Dataset excerpts:

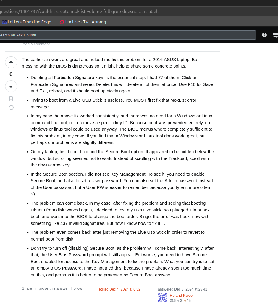 So, maybe that Forbidden or Revocation List doesn’t matter especially since I now have secure boot disabled? Then I need to look for another reason, but is having that many in the list a problem or should I update it as stated in that article?
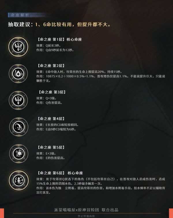 命座提升幅度:2、6命提升最大,1、3命提升较小。
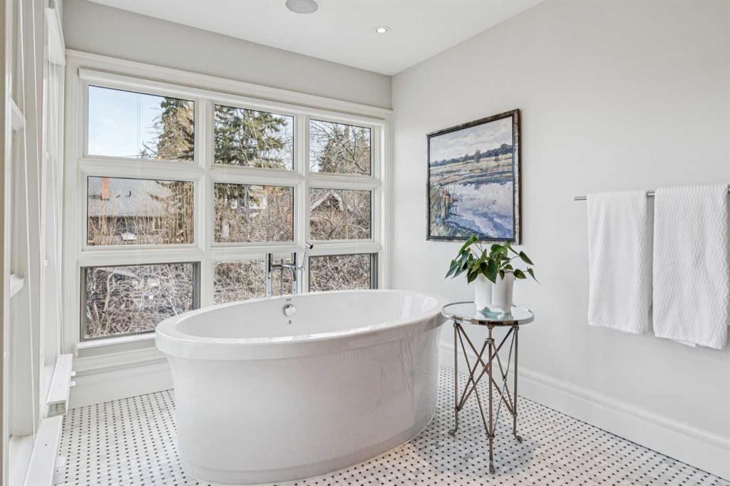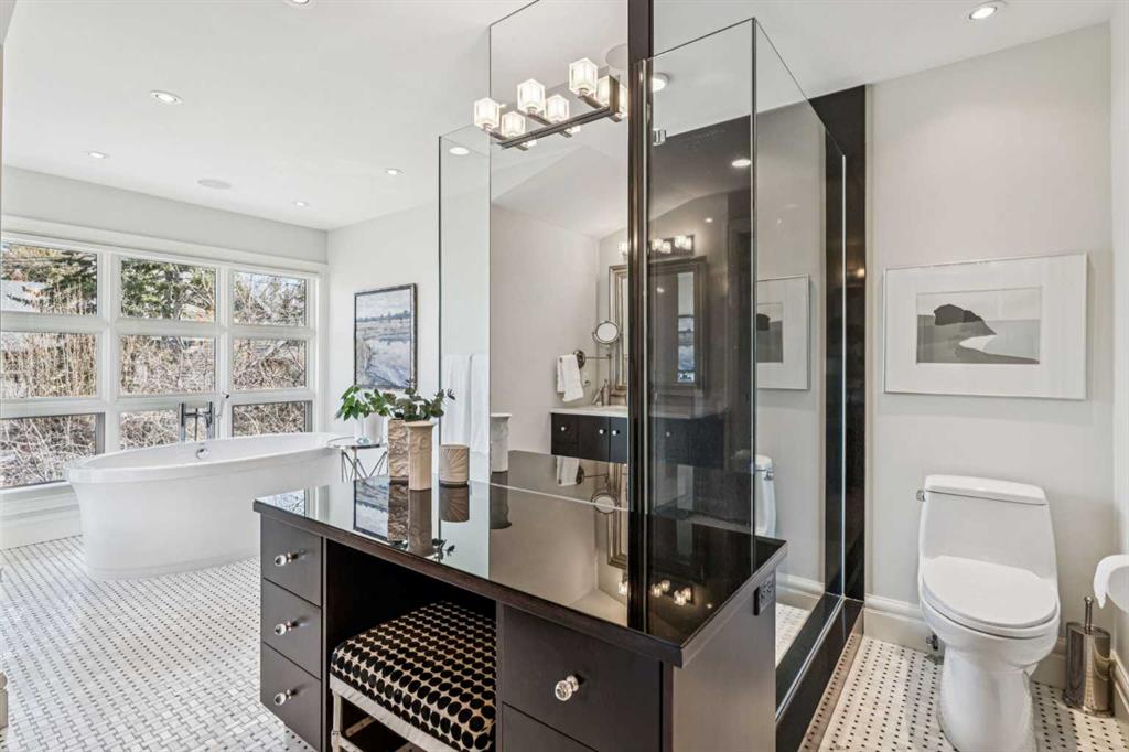 Discretely built into a Mount Royal hillside, this property is a jewel for those seeking a distinguished residence in an established neighbourhood.. The home was rebuilt to the highest standard using best quality finishing materials. . Interior design by Paul Levoie showcases outstanding features including Hidden Cabinetry, Distinctive Lighting, Interesting Fireplace Surrounds and Vaulted Ceilings.. The décor is a curated blend of Contemporary and Traditional elements with a design is Enduring and Timeless. . . The Main Level presents a 2 Story Foyer with a Gorgeous Chandelier, Open Plan Living/Dining Area, Kitchen with Top of Line Appliances, Sun filled Breakfast Nook over viewing the Garden, Full Bath and 2 Bedrooms. .( one bedroom is used as an office). A Cozy Den with Gas Fireplace complete this level. . .The Upper Level is devoted to the Primary Oasis, offering a spacious Bedroom, 2 Walk-In Closets and the most Amazing Ensuite: A true Luxury Spa with In-Floor Heat, Twin Vanities, Dressing Table, Glass Shower and a Free Standing Soaker Tub with Views that embrace Tree Tops and the City Center. . . The Lower Walk-Out Level provides great extra spaces: Access to the attached Heated Tandem 2 Car Garage, Media Room with Fitness Area, 4th Bedroom, Full Bath and Laundry. .Heated Floors are controlled by 4 separate zones. . .and lastly: Glass Doors that give way to the most Beautifully Landscaped Private Retreat: a Garden accentuated with Mature Deciduous and Fruit Trees, a wide assortment of Perennial Plantings, Patio, Lush Lawn and a Pond! . Buddha resides in the pond and hopes to remain in his Peaceful Retreat. . Lightly lived in, this notable home is a MOVE IN READY OPPORTUNITY.
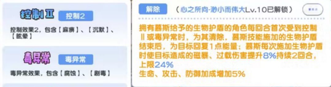 1、拥有慕斯给予的生物护盾的角色每回合首次受到控制Ⅱ或毒异常时,为其清除,
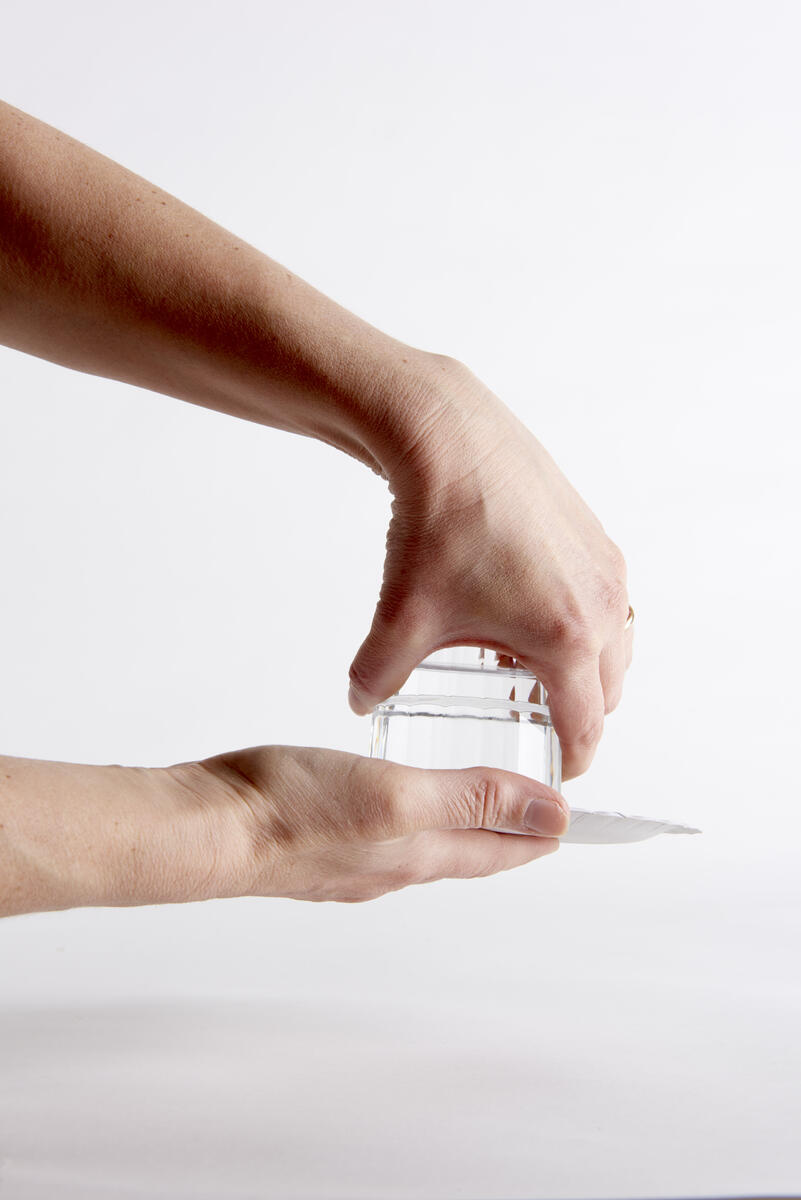 - Laita käsi lautasen päälle ja käännä lasi ylösalas.

Description of the task:
Starting at the first line of the data, set down each line exactly until you have copied the line with "命座提升幅度:2、6命提升最大,1、3命提升较小。", but leave the pictures out.

The completed task:
 So, maybe that Forbidden or Revocation List doesn’t matter especially since I now have secure boot disabled? Then I need to look for another reason, but is having that many in the list a problem or should I update it as stated in that article?
 命座提升幅度:2、6命提升最大,1、3命提升较小。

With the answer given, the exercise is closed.